McPherson and more than a dozen other researchers at UC-Berkeley and UC-Davis are currently studying sudden oak death. The disease has spread to thousands and thousands of trees in seven coastal counties, including Santa Clara County.
"It's a problem in mountainous regions," says San Jose arborist Ian Geddes. "It's mainly tan oaks, but we've seen the occasional live oak succumb."
In the last two years he's seen about 15 cases, mostly in the Summit, Lexington and Skyline areas of the county.
"We believe this is heading toward epidemic level," says Geddes. "It's very quick-acting--it can kill within a month."
The arborist adds one more piece of sobering information: "We do not believe there's a way to stop it."

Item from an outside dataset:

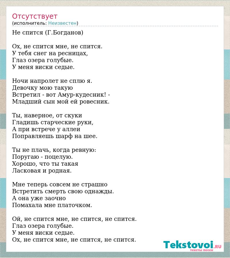 Не спится (Г.Богданов) Ох, не спится мне, не спится. У тебя снег на ресницах, Глаз озера голубые. У меня виски седые. Ночи напролет не сплю я. Девочку мою такую Встретил - вот Амур-кудесник! - Младший сын мой ей ровесник. Ты, наверное, от скуки Гладишь старческие руки, А при встрече у аллеи Поправляешь шарф на шее. Ты не плачь, когда ревную: Поругаю - поцелую. Хорошо, что ты такая Ласковая и родная. Мне теперь совсем не страшно Встретить смерть свою однажды. А она уже заочно Помахала мне платочком. Ой, не спится мне, не спится, не спится. Глаз озера голубые. У меня виски седые. Ох, не спится мне, не спится, не спится.

Root of the Problem: Researchers think the disease can be spread by hikers, bikers, horses and dogs who track soil from one location to another.

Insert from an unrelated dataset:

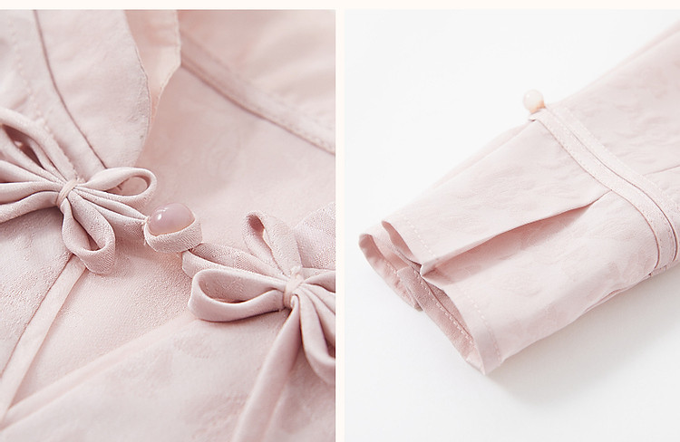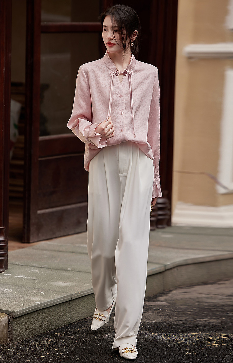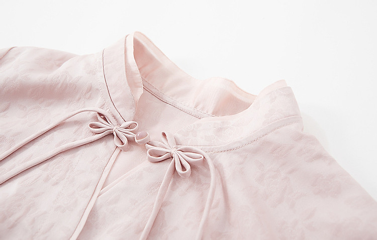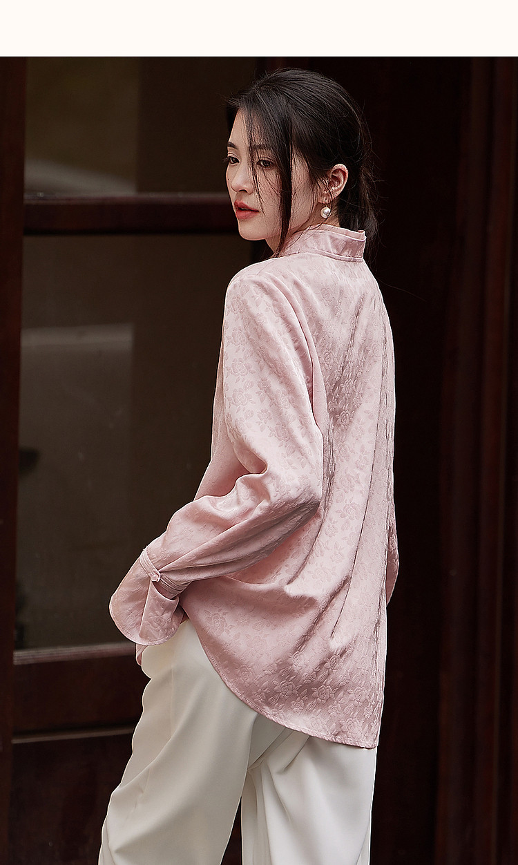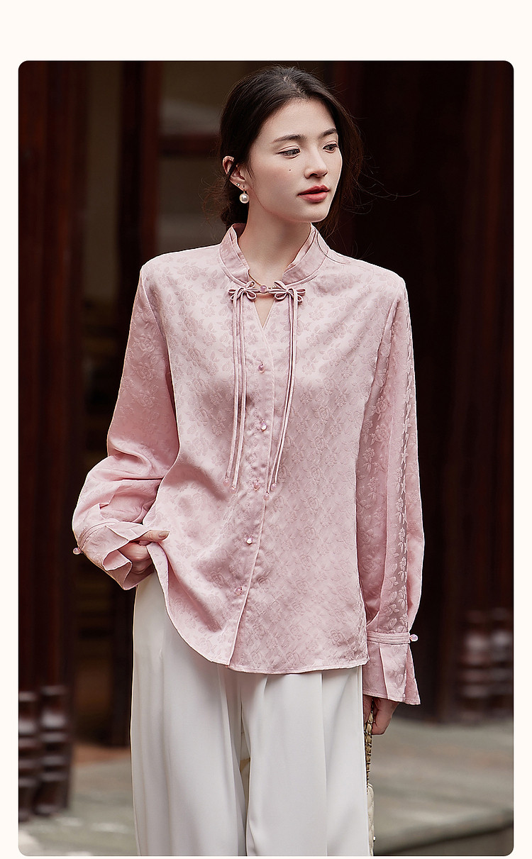 商品名称:【温柔预报员】秋国风新中式立领盘扣衬衫荷叶边提花衬衣女上衣 849281

Photograph by George Sakkestad
Researchers do not yet know exactly how the disease is spread. They believe that the pathogen is airborne and can move from one tree to another via wind and rain. They speculate that the disease also can be passed through soil. "We assume that human traffic will and could have some part in this, but that is just due to analogous situations," says McPherson.

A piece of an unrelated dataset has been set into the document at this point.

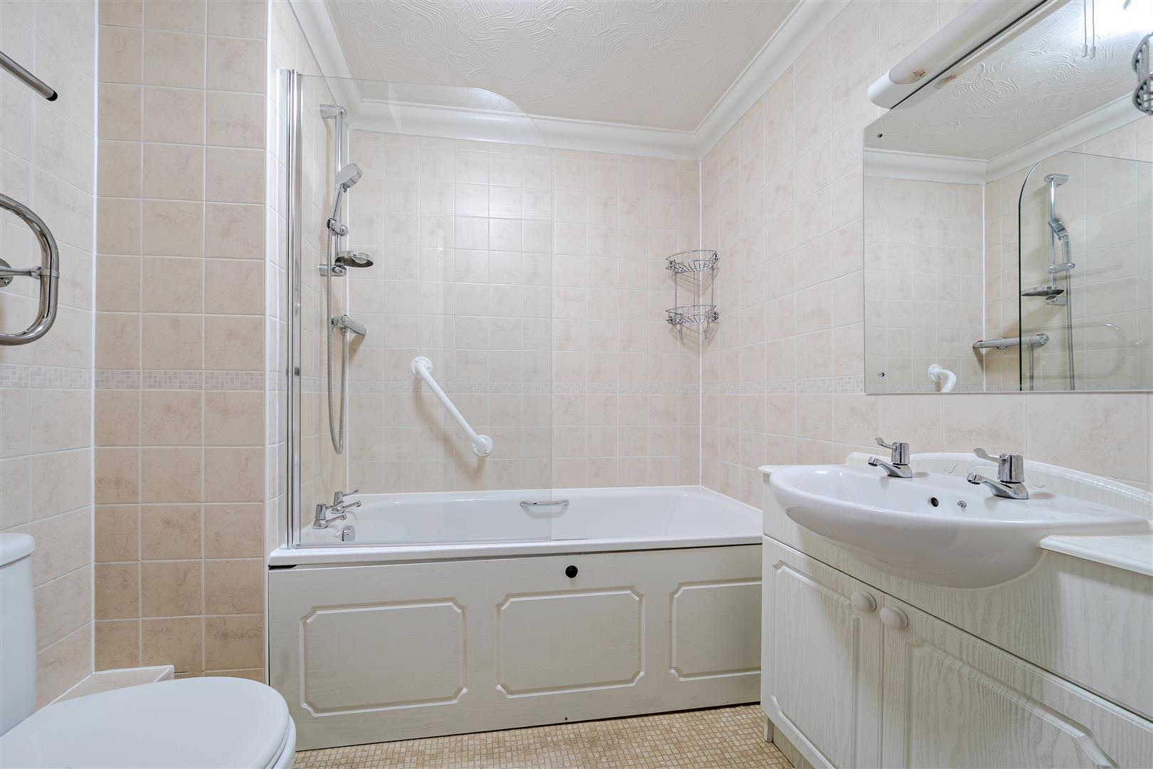 The Bathroom offers a bath tub with overhead shower and handrail, a heated towel rail, WC and wash hand basin with vanity unit beneath.

Researchers feel that the disease could potentially be spread when hikers, bikers, dogs, horses or vehicles transport soil from an infected area to a noninfected area via their boots, tires, paws or hooves. In February some of the 200-plus members of the California Oak Mortality Task Force began putting up signs at trailheads throughout the 20,000 acres of the Marin Municipal Water District, urging trail users to wash off any soil before traveling to uninfected regions.
There is enough concern at the state level that at the end of May, the California Department of Food and Agriculture (CDFA) added Oak Mortality Disease Control Regulations to their code. The regulations restrict any potential carriers of the disease from being transported. Those hosts include the black oak, coast live oak, Shreve's oak, tan oak, rhododendron, California bay laurel, madrone, huckleberry and arrowwood. Essentially, no processed or unprocessed products (including firewood, mulch and wood chips) from that vegetation are to be moved within an affected county or from there to an unaffected county.
"Although we're not sure that these regulations will stop the spread of sudden oak death, we want to be safe because we don't know yet what causes the spread," says Steve Lyle, director of public affairs for the CDFA. Meanwhile, the task force continues to educate agricultural agencies and organizations as well as the public on sudden oak death. The disease poses a potential risk to trees both on parklands and in the yards of homeowners. Dead trees in parklands could become a fire danger. If oaks on private property fall victim to sudden oak death, homeowners could lose the much-needed shade the trees provide. In addition, it can be costly to remove the trees.
Although the disease may appear to be devastating, Geddes is quick to remind others that this cycle in nature is not unusual.
"Periodically, we see diseases run through a plant family," explains Geddes. "The most likely thing is [sudden oak death] is going to run its course through the tan oaks."